• [INFORMATION SHOWN]:
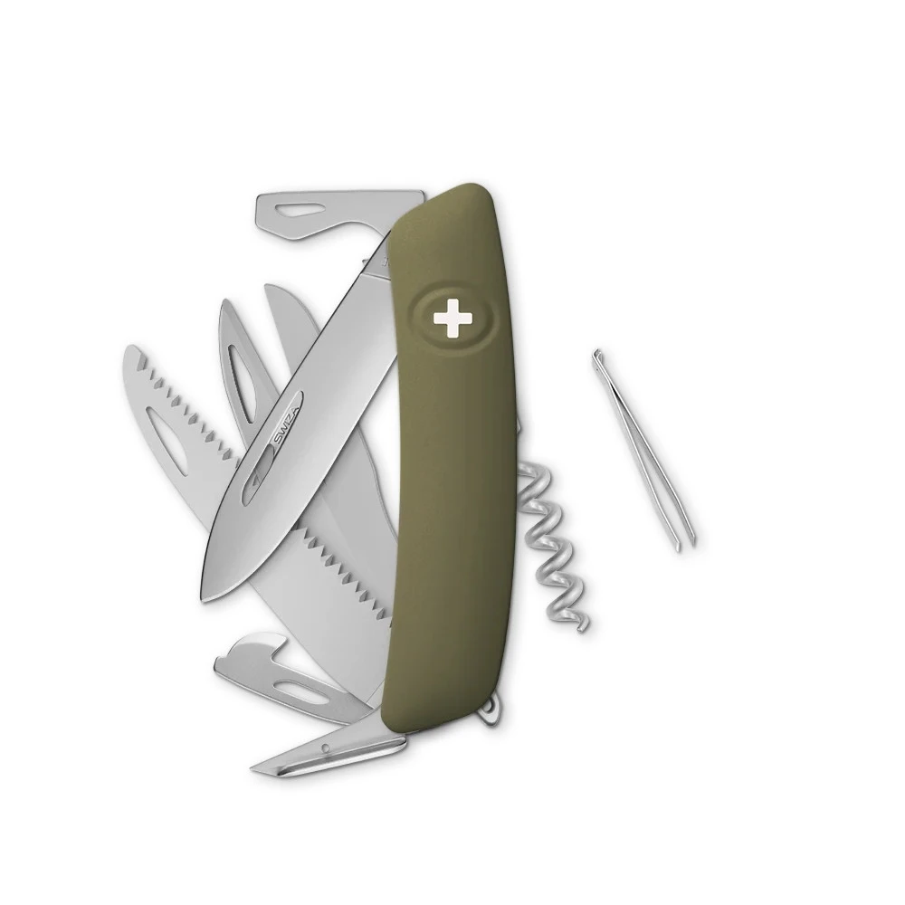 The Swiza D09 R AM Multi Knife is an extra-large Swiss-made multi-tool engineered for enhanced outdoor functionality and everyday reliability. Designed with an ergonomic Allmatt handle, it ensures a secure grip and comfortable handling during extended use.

* * *

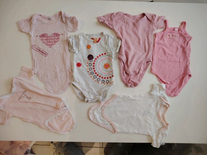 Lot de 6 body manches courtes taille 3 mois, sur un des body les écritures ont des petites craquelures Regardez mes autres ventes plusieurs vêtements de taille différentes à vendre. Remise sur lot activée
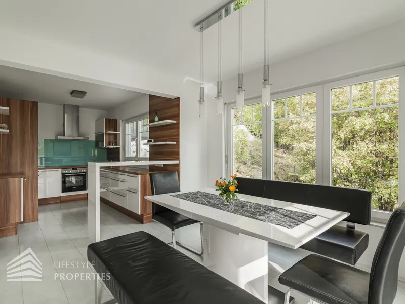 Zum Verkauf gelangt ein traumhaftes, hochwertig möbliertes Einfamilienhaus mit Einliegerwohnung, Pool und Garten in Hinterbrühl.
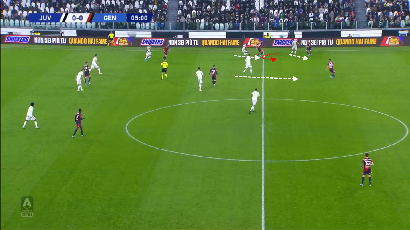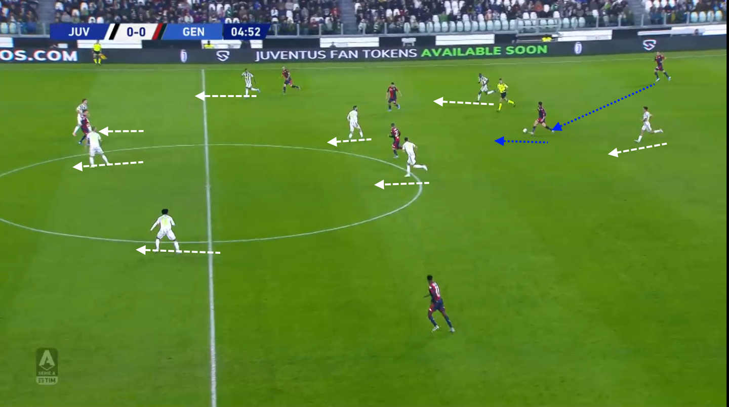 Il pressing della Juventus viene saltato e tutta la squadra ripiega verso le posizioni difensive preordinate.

• [REQUIRED ACTION]: Word for word, restate the lines above from the one with "Lot de 6 body" through the one with "Il pressing della", keeping both ends and dropping the pictures.

• [EXERCISE SOLUTION]:
 Lot de 6 body manches courtes taille 3 mois, sur un des body les écritures ont des petites craquelures Regardez mes autres ventes plusieurs vêtements de taille différentes à vendre. Remise sur lot activée
 Zum Verkauf gelangt ein traumhaftes, hochwertig möbliertes Einfamilienhaus mit Einliegerwohnung, Pool und Garten in Hinterbrühl.
 Il pressing della Juventus viene saltato e tutta la squadra ripiega verso le posizioni difensive preordinate.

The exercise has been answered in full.